The team's four principle owners voted to have Moelis & Co. seek an investor that would assume control of Angel City's board, which has reportedly been at odds for months over spending.

But Sarah Harden, a media entrepreneur and one of Angel City's earliest investors, characterized the search for a new controlling owner as fundraising.

"Angel City is exactly where it needs to be as a club," she said. "What's been built at Angel City in three short years is nothing short of incredible. And in high-growth companies it is absolutely normal to step back and look at 'what do we need to continue this growth?'

"This board has determined that this is the right time to bring in a new major investor. That's it. That is the story."

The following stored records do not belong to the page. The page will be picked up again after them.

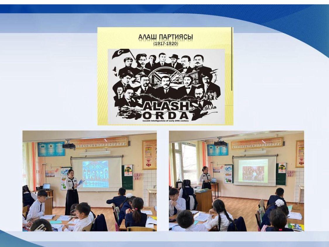 № 58 ЖББМ 5-сынып оқушыларына қазақ халқының ғасырлар бойы өткен қиыншылықтарын айта келіп, осы зұлмат жылдары елінің азаттығын аңсаған ұлт зиялыларына тоқталу, өз елін, жерін қорғайтын ұрпақ тәрбиелеу мақсатында тәрбие сағаты өткізілді.✅
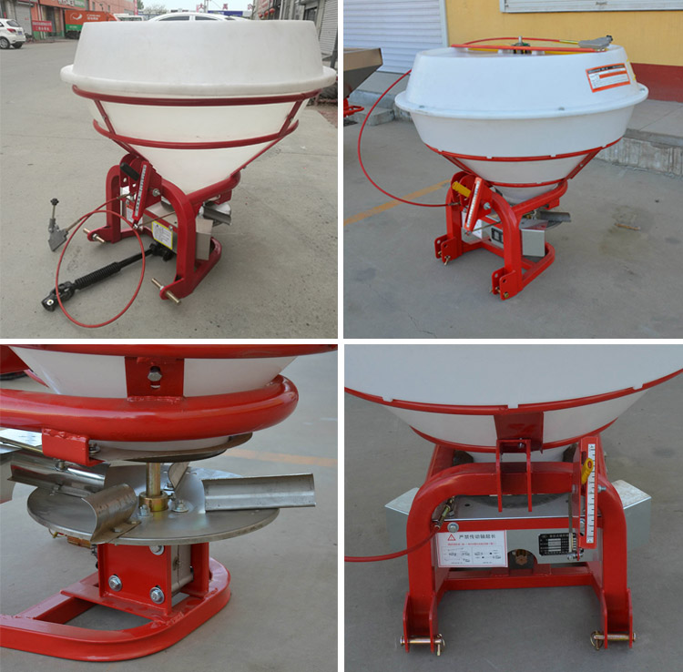 पावर इनपुट: ट्रैक्टर के रियर आउटपुट ट्रांसमिशन शाफ्ट के माध्यम से उर्वरक फैलने वाली मशीन के गियरबॉक्स से जुड़ा हुआ है, यह चेन व्हील ग्रुप को एक्सरिंग ऑगर बनाने के लिए ड्राइव करता है और उर्वरक फैलने वाला डिस्क रोटेट सिंक्रोनस रूप से घूमता है।
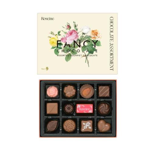 まず「ロゼーヌファンシーチョコレート」は、バレンタイン限定パッケージに包まれた15種の小粒チョコを詰め合わせた人気商品。
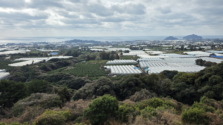 정상은 과수원으로 조성된 지 이미 오래돼 감귤나무가 무성하다. 한 모퉁이 주변에 제주도 재래 감귤인 당유자나무가 서 있는데 높이가 4~5m, 나무 굵기 30~40㎝로 수령이 50년은 충분해 보인다. 열매는 직경 10~15㎝ 정도로 큼직하다. 오름의 정상이란 항상 바람이 세서 농사가 안되는 게 일반적이다. 그러나 이 오름은 정상부가 다소 불룩하긴 하지만 전체적으로 평탄하다. 주위에 조성된 삼나무 가로수의 영향도 크겠지만 이런 완만하게 평탄한 오름의 지형이 강한 바람 피해를 줄여주는 요인이 될 것 같다.
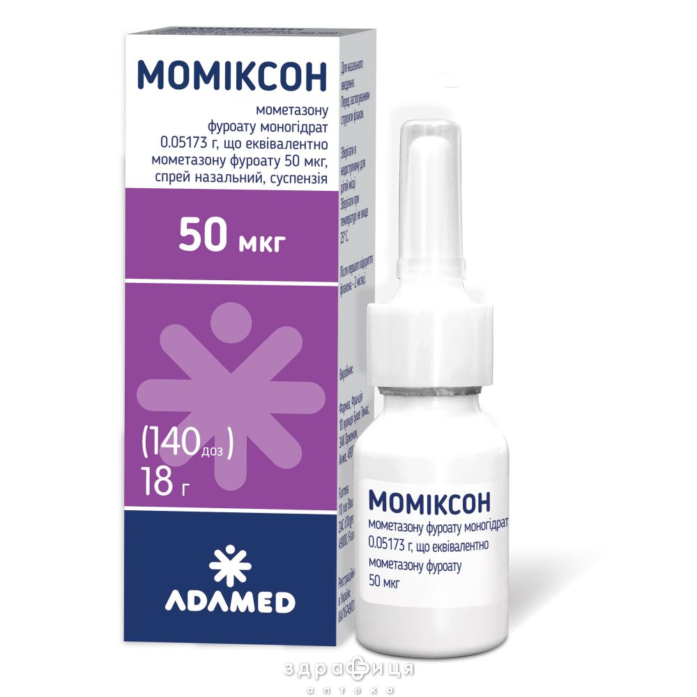 | Склад | 1 доза спрею містить мометазону фуроату моногідрат 0.05173г, що еквівалентно мометазону фуроату 50 мкг |
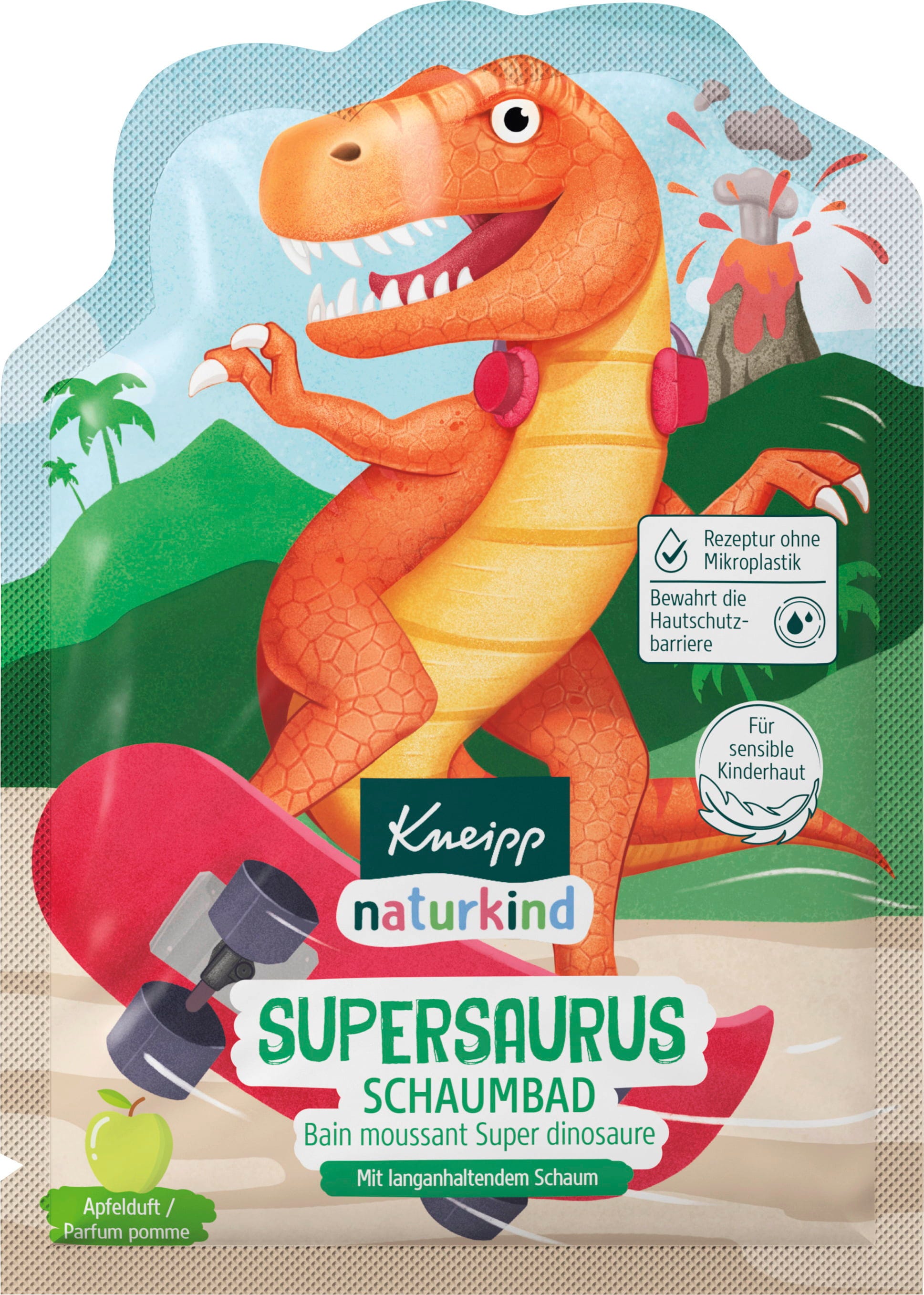 El baño de burbujas Kneipp naturkind Supersaurus transforma el agua del baño en un mar de espuma esponjosa e invita a disfrutar de una experiencia de baño imaginativa. La fragancia afrutada de manzana acompaña la diversión del baño y lo hace aún más emocionante para los pequeños exploradores.

Yet maybe not the whole story.

 

Angel City, which will open its third season Sunday against expansion team Bay FC, is valued at $180 million, about three times the average for an NWSL team, according to the sports-business website Sportico, which Friday broke the story about the team's search for a controlling owner. The team's revenue last year was $31 million, according to the website, nearly double the next-best team.

The team also spent more than any other NWSL club, which led to a major rift among the team's four original investor-owners, who have been feuding for about six months.

None of the board members would speak on the record, citing a nondisclosure agreement meant to keep the talks private. But multiple league and team officials, who would speak only on condition of anonymity given the sensitive nature of the matter, said tech entrepreneur Alexis Ohanian, a founding owner, pushed for the change because of his unhappiness over the team's profligate spending.

"It's messy," said one official, who was not authorized to speak about the power struggle on the record.